### INPUT DATA:
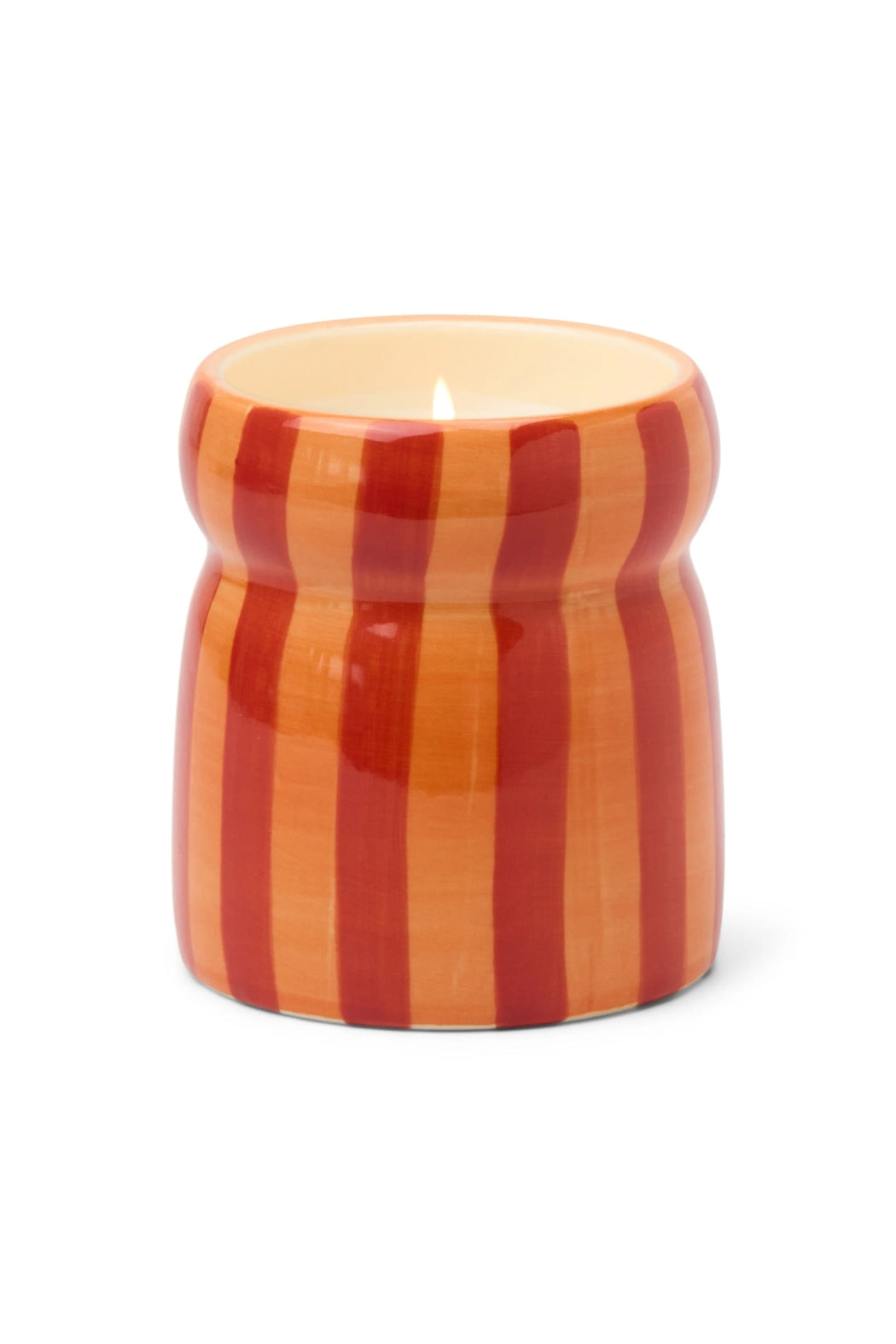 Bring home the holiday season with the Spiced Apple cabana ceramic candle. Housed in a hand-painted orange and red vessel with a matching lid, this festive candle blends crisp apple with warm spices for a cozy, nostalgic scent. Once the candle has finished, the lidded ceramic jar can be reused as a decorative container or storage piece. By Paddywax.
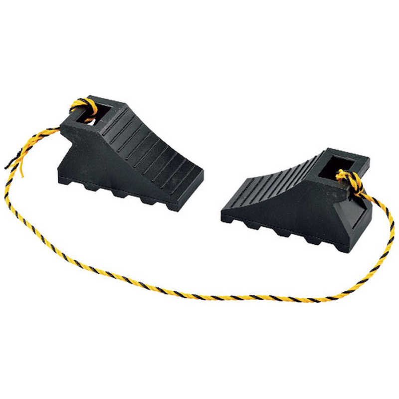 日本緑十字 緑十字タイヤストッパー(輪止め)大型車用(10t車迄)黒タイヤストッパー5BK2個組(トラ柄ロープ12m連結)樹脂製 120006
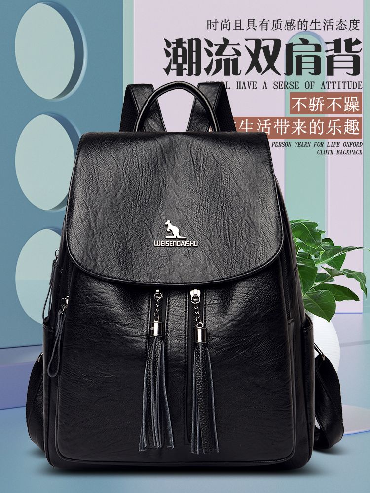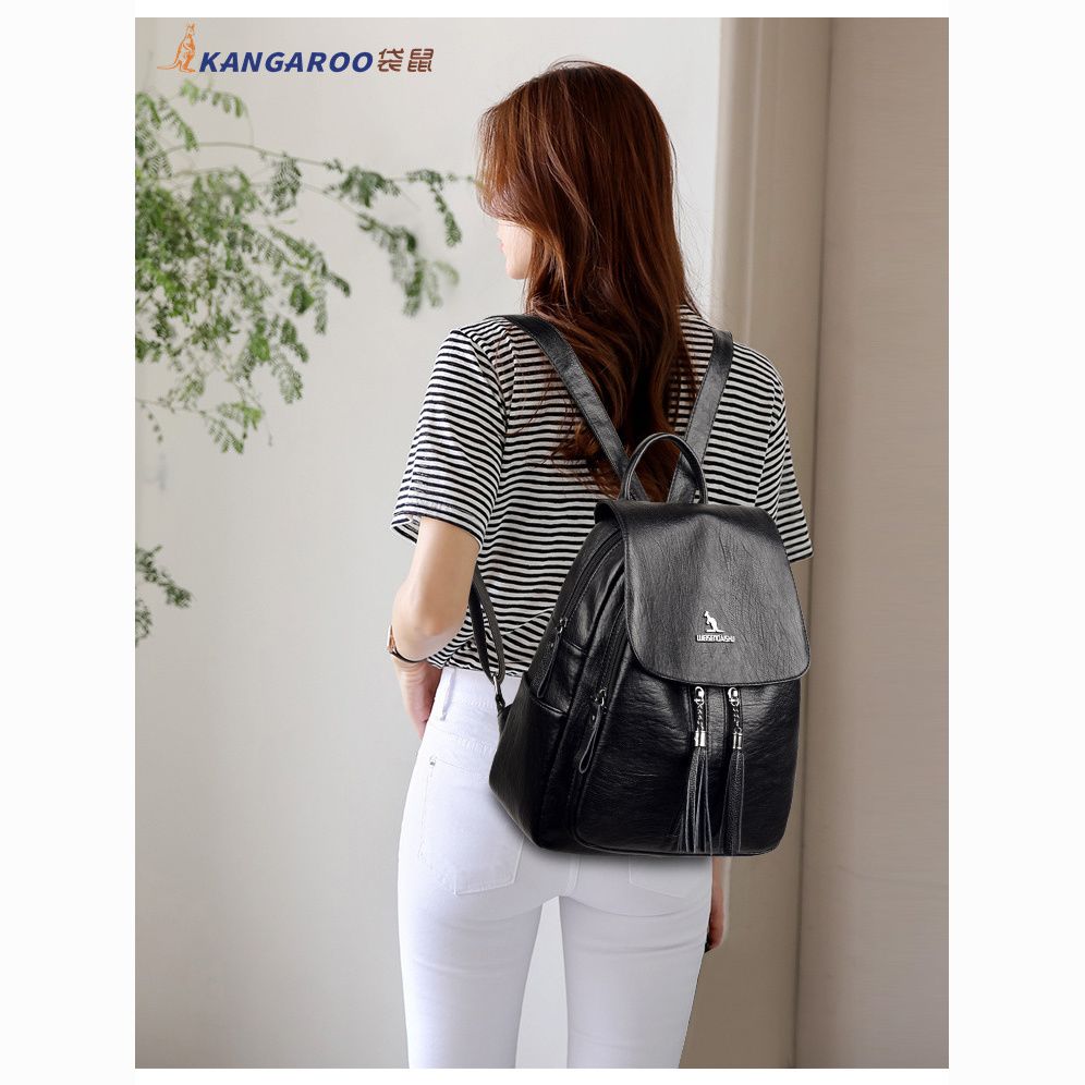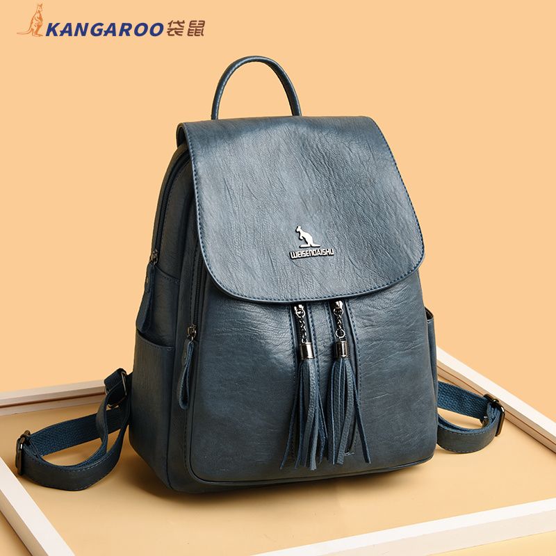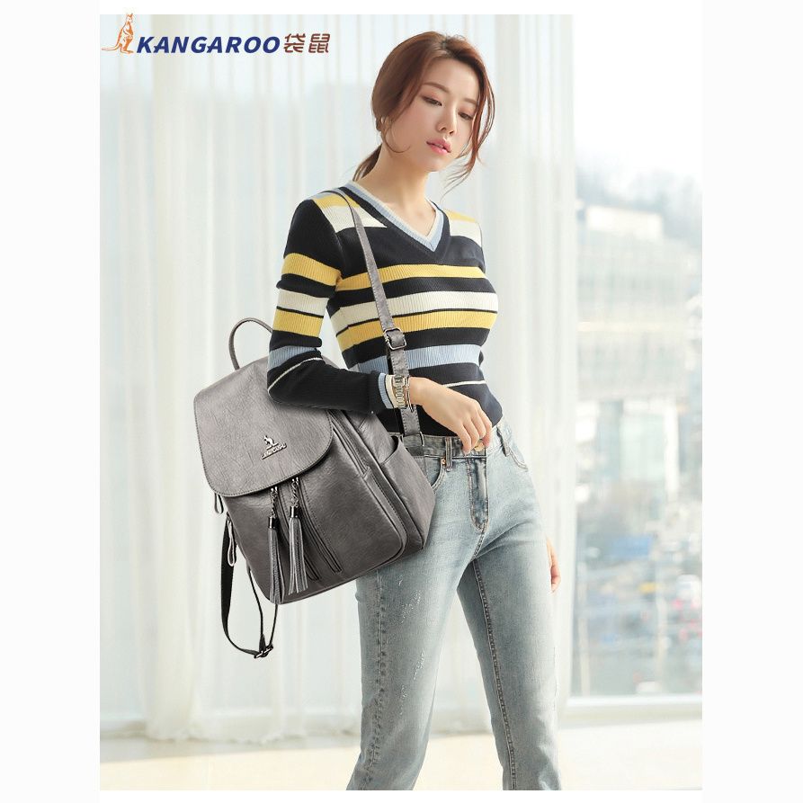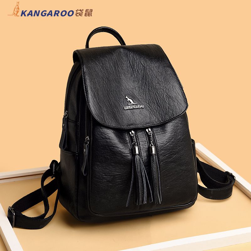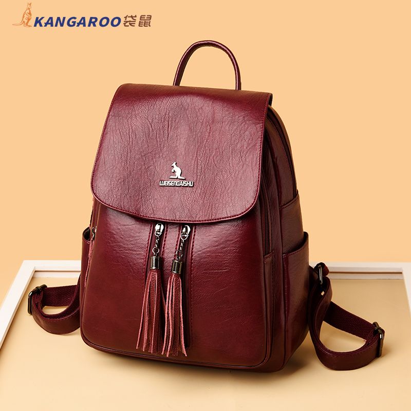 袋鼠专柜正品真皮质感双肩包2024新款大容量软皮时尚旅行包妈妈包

### WHAT IS NEEDED:
Make an exact copy of the whole listing, but don't bring over any pictures.

### RESPONSE AREA:
 Bring home the holiday season with the Spiced Apple cabana ceramic candle. Housed in a hand-painted orange and red vessel with a matching lid, this festive candle blends crisp apple with warm spices for a cozy, nostalgic scent. Once the candle has finished, the lidded ceramic jar can be reused as a decorative container or storage piece. By Paddywax.
 日本緑十字 緑十字タイヤストッパー(輪止め)大型車用(10t車迄)黒タイヤストッパー5BK2個組(トラ柄ロープ12m連結)樹脂製 120006
 袋鼠专柜正品真皮质感双肩包2024新款大容量软皮时尚旅行包妈妈包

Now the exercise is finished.